3D printing is often held up as a potential source of counterfeit metal parts, but could also the means to make these components much harder to copy.
UK researchers have developed a way to embed features such as taggants or QR codes into stainless steel parts during the 3d printing process (also known as additive manufacturing or AM) that they say could help fight counterfeiting of components used in industries such as aerospace, automotive and medical devices.
Writing in the journal Additive Manufacturing, the team from Manchester University used a powder-based 3D printing technique known as selective laser melting (SLM) to embed a copper alloy to serve as a tag within stainless steel that could be detected using X-ray imaging even when concealed 15mm below the surface of the component.
They also managed to use alternating areas of copper alloy and stainless steel to create QR codes on the surface of the part, with the copper areas showing up as red and the steel as blue on imaging.

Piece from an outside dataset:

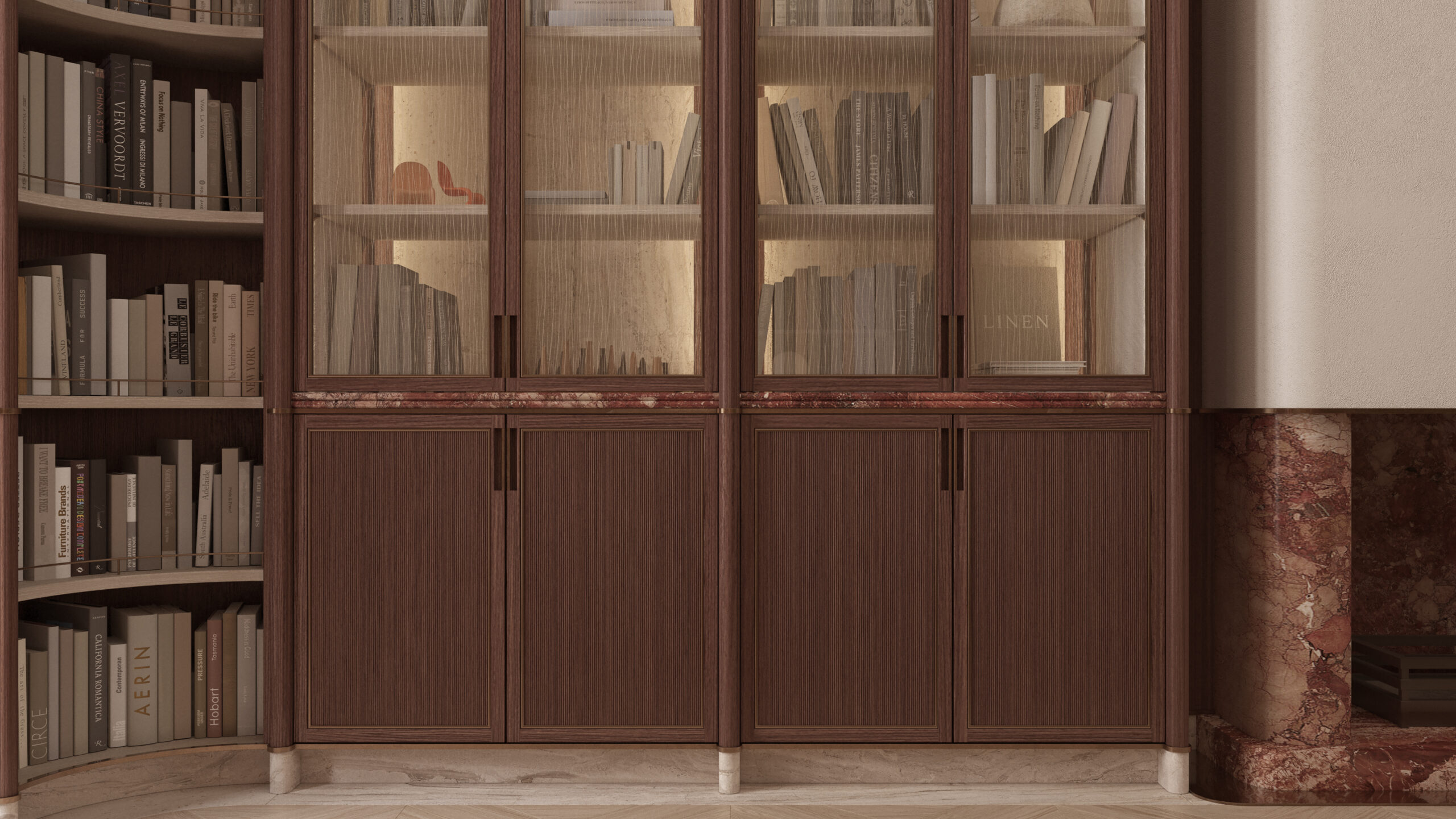 Appearing on multiple surfaces and details, the whole room glows with a blushed warmth that creates the perfect welcoming atmosphere. As you enter the entertainment space the rippled glass reflects the red tones onto the mirrored shelving unit. Once at the centre of the room the drinks cabinet takes centre stage. The Breecia Pernice marble enhances this social corner subtlety linking to the materiality we find in the The Garden.

The authors note that additive manufacturing of industrial parts is predicted to become a $21bn global market by 2020, with almost half accounted for by the aerospace, automotive, and medical industries, which are already suffering from a “significant number of counterfeited metallic products that not only have caused financial losses but also endanger lives.”
“The rapid adoption of AM technology makes the suppression of the counterfeit prevalence more difficult,” they write.
“The counterfeiters can copy generic products easily and quickly as long as they have the suitable 3D printers and 3D models that could be downloaded online or acquired through reverse engineering.”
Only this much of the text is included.